## Description of the task
Give the records again. Keep them exact and leave out the images.

─── Extracted data ───

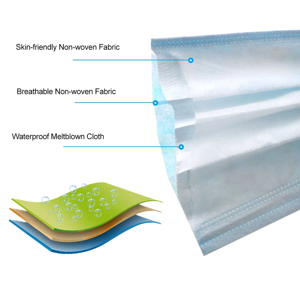Маски одноразовые, трехслойные, дышащие, нетканые, 10-100 шт.
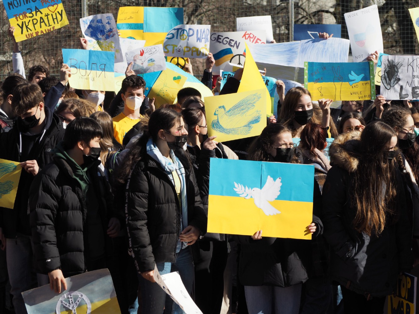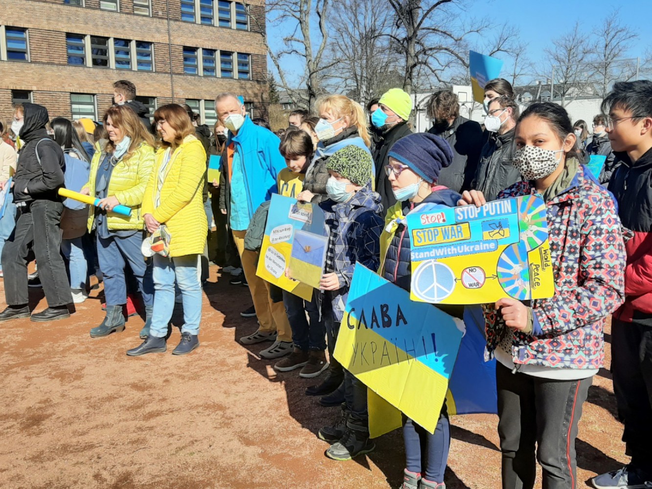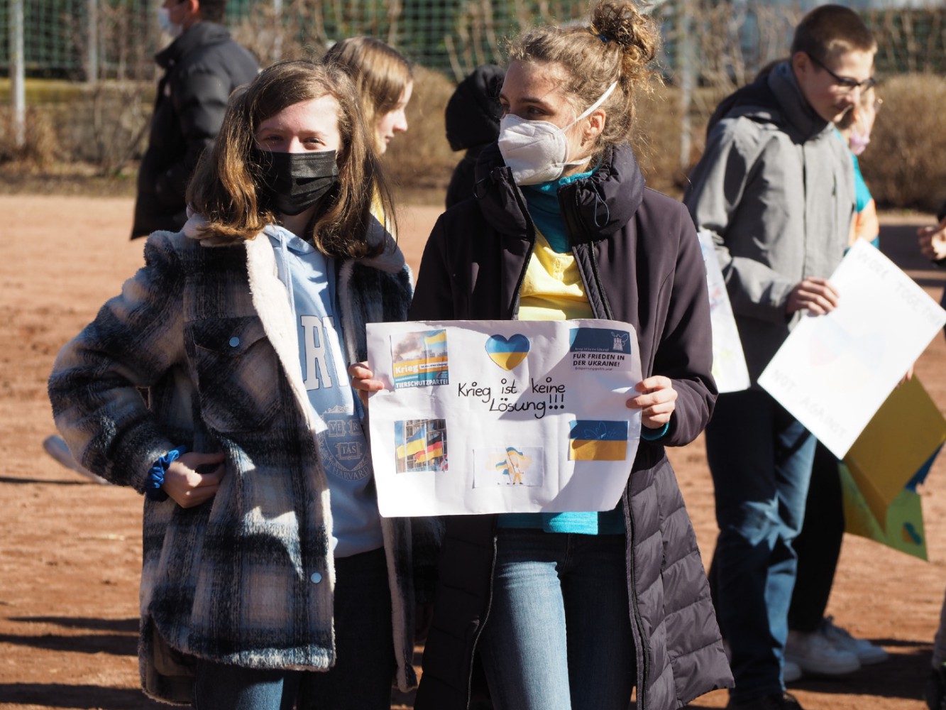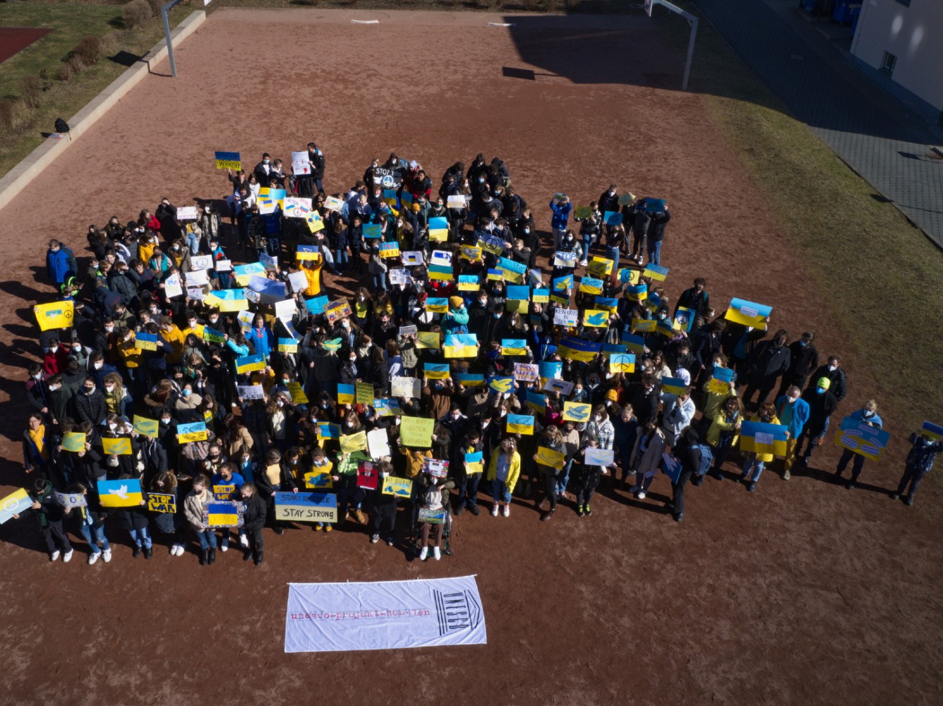 Angesprochen wurde ebenfalls die Frage, was wir tun können, um Geflüchteten zu helfen. Herr Ballmann und Frau Preussler warben um rege Teilnahme an den Spendenaktionen wie z. B. Parkour und Kunstbasar, die in den nächsten Tagen in unserer Schule stattfinden. Mit den Spendengeldern möchten wir die Menschen aus der Ukraine unterstützen und unsere Solidarität zeigen.
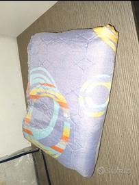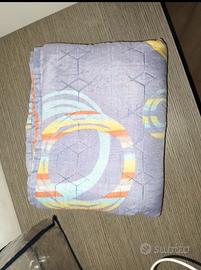 Vivace copriletto per letto singolo (1 piazza) firmato Italian Bed Linen, linea "Fantasy" Made in Italy. Caratterizzato da una moderna fantasia a cerchi concentrici astratti nei toni del lilla, giallo, arancione e azzurro.
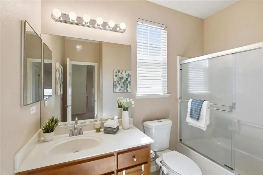 Welcome to beautiful living in the heart of Gilroy! For the price of a condominium, enjoy the privacy and comfort of a single-family home. This 3-bedroom, 2.5-bath, two-story home offers a side-by-side 2-car garage and approximately 1,497 sq. ft. of bright, open living space in the desirable Oak Commons Community. Natural light fills the thoughtfully designed floor plan. The spacious living area features a cozy fireplace, perfect for relaxing evenings. The well-appointed kitchen offers ample counter space and cabinetry, seamlessly connecting to the dining and living areasideal for everyday living and entertaining. Upstairs, the primary suite provides a private retreat with an en-suite bath and generous closet space. Two additional bedrooms offer flexibility for family, guests, or a home office. Additional highlights include an indoor laundry room, attached two-car garage, and solar for energy efficiency. The low-maintenance backyard is perfect for easy outdoor enjoyment. Community amenities include a pool, greenbelt, playground, and guest parking. Conveniently located near schools, shopping, dining, and major commuter routes, this move-in-ready home offers comfort and convenience.
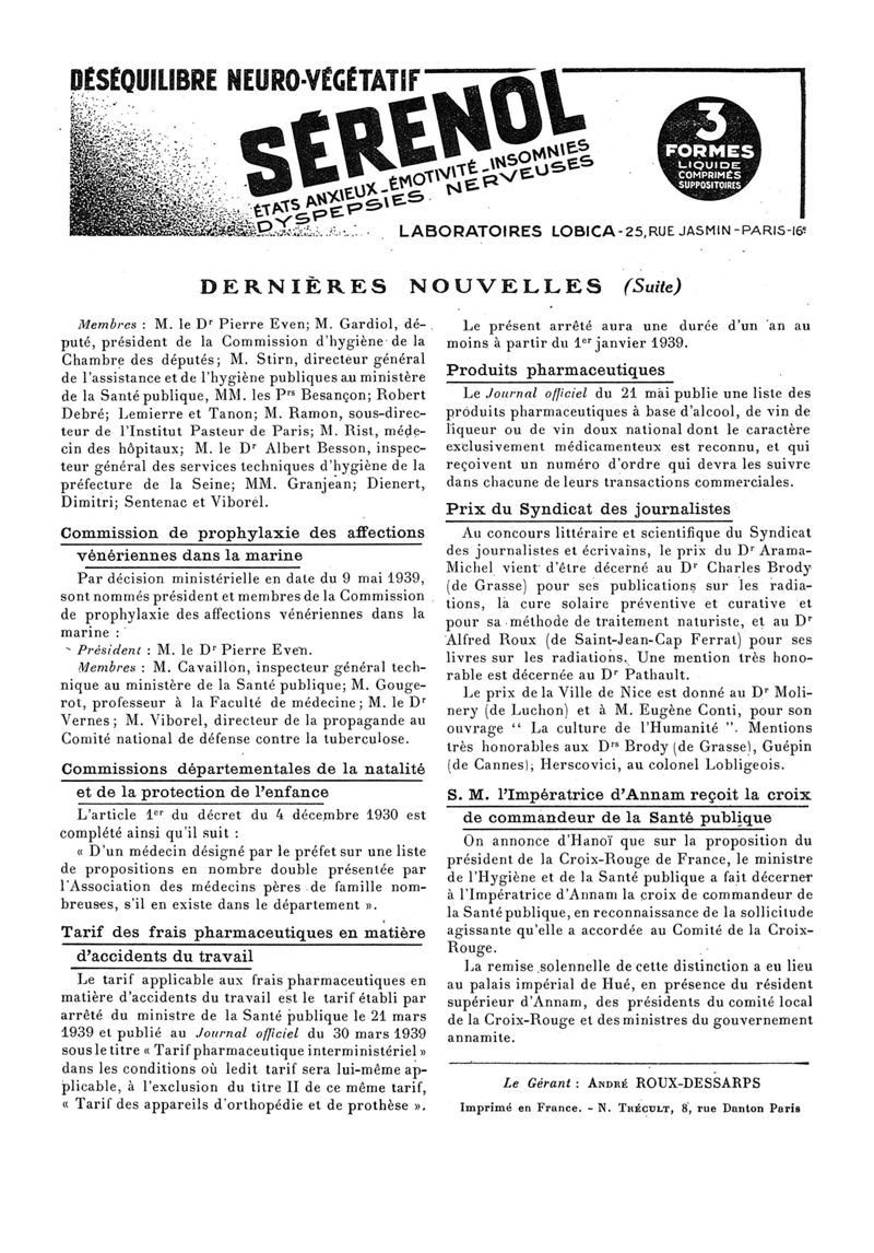 1939, n° 112, partie paramédicale. -
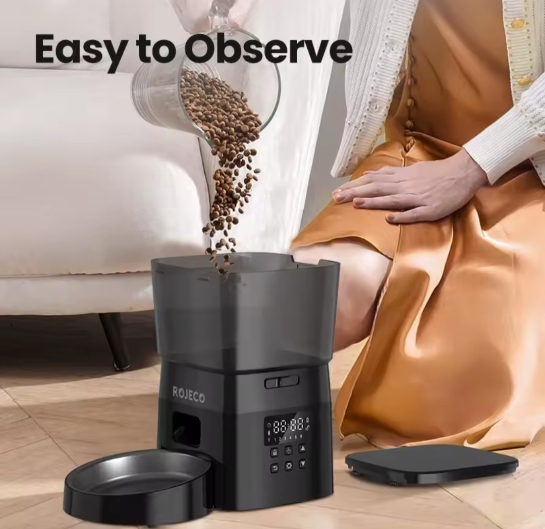 The ROJECO Automatic Pet Feeder (Button Version) makes daily feeding easy and reliable. Designed for cats and dogs, this feeder dispenses dry food with simple one-touch button control, helping you manage portions and feeding schedules effortlessly.
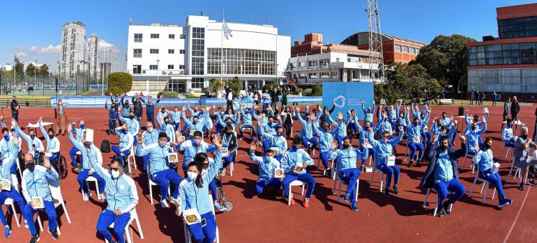 “El deporte nos ayuda a construir identidad todos los días. En esta bandera están sus familias, amigos y amigas, están sus amores, sus ciudades y sus provincias que los vieron crecer. Y en esta bandera también están los millones de argentinos y argentinas que vamos a estar alentándolos y alentándolas, deseando que disfruten de esta experiencia”, motivó Arrondo en su mensaje a los 57 deportistas presentes.

───

## Solved exercise
Маски одноразовые, трехслойные, дышащие, нетканые, 10-100 шт.
 Angesprochen wurde ebenfalls die Frage, was wir tun können, um Geflüchteten zu helfen. Herr Ballmann und Frau Preussler warben um rege Teilnahme an den Spendenaktionen wie z. B. Parkour und Kunstbasar, die in den nächsten Tagen in unserer Schule stattfinden. Mit den Spendengeldern möchten wir die Menschen aus der Ukraine unterstützen und unsere Solidarität zeigen.
 Vivace copriletto per letto singolo (1 piazza) firmato Italian Bed Linen, linea "Fantasy" Made in Italy. Caratterizzato da una moderna fantasia a cerchi concentrici astratti nei toni del lilla, giallo, arancione e azzurro.
 Welcome to beautiful living in the heart of Gilroy! For the price of a condominium, enjoy the privacy and comfort of a single-family home. This 3-bedroom, 2.5-bath, two-story home offers a side-by-side 2-car garage and approximately 1,497 sq. ft. of bright, open living space in the desirable Oak Commons Community. Natural light fills the thoughtfully designed floor plan. The spacious living area features a cozy fireplace, perfect for relaxing evenings. The well-appointed kitchen offers ample counter space and cabinetry, seamlessly connecting to the dining and living areasideal for everyday living and entertaining. Upstairs, the primary suite provides a private retreat with an en-suite bath and generous closet space. Two additional bedrooms offer flexibility for family, guests, or a home office. Additional highlights include an indoor laundry room, attached two-car garage, and solar for energy efficiency. The low-maintenance backyard is perfect for easy outdoor enjoyment. Community amenities include a pool, greenbelt, playground, and guest parking. Conveniently located near schools, shopping, dining, and major commuter routes, this move-in-ready home offers comfort and convenience.
 1939, n° 112, partie paramédicale. -
 The ROJECO Automatic Pet Feeder (Button Version) makes daily feeding easy and reliable. Designed for cats and dogs, this feeder dispenses dry food with simple one-touch button control, helping you manage portions and feeding schedules effortlessly.
 “El deporte nos ayuda a construir identidad todos los días. En esta bandera están sus familias, amigos y amigas, están sus amores, sus ciudades y sus provincias que los vieron crecer. Y en esta bandera también están los millones de argentinos y argentinas que vamos a estar alentándolos y alentándolas, deseando que disfruten de esta experiencia”, motivó Arrondo en su mensaje a los 57 deportistas presentes.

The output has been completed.